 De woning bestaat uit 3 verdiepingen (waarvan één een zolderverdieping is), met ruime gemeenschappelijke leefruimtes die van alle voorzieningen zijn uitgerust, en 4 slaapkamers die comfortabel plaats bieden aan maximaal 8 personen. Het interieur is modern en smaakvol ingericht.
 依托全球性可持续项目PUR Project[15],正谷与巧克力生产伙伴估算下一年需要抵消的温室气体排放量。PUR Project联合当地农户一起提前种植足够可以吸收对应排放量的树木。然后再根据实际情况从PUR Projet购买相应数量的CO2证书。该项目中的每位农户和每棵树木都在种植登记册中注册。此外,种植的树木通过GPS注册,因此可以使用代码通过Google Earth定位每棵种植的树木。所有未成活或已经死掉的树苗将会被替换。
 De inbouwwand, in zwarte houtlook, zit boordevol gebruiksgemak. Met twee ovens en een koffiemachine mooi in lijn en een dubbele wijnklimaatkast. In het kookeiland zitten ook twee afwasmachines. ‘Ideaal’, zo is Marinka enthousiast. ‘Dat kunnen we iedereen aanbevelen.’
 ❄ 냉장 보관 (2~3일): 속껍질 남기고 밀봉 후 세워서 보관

______________________________

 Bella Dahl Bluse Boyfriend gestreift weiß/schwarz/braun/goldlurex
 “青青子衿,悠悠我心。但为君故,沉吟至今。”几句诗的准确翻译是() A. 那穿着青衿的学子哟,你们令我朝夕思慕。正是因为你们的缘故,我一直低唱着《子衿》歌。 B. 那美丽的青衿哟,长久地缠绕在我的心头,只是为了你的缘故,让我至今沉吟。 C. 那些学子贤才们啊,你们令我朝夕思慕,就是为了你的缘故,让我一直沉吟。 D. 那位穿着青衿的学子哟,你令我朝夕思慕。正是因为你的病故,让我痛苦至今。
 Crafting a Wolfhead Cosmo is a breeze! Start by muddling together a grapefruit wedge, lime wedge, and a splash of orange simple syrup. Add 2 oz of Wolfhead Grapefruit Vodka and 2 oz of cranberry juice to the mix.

______________________________

Above are some lines. Repeat exactly, and only, those from the line that has "Bella Dahl Bluse" through the line that has "Crafting a Wolfhead".

 Bella Dahl Bluse Boyfriend gestreift weiß/schwarz/braun/goldlurex
 “青青子衿,悠悠我心。但为君故,沉吟至今。”几句诗的准确翻译是() A. 那穿着青衿的学子哟,你们令我朝夕思慕。正是因为你们的缘故,我一直低唱着《子衿》歌。 B. 那美丽的青衿哟,长久地缠绕在我的心头,只是为了你的缘故,让我至今沉吟。 C. 那些学子贤才们啊,你们令我朝夕思慕,就是为了你的缘故,让我一直沉吟。 D. 那位穿着青衿的学子哟,你令我朝夕思慕。正是因为你的病故,让我痛苦至今。
 Crafting a Wolfhead Cosmo is a breeze! Start by muddling together a grapefruit wedge, lime wedge, and a splash of orange simple syrup. Add 2 oz of Wolfhead Grapefruit Vodka and 2 oz of cranberry juice to the mix.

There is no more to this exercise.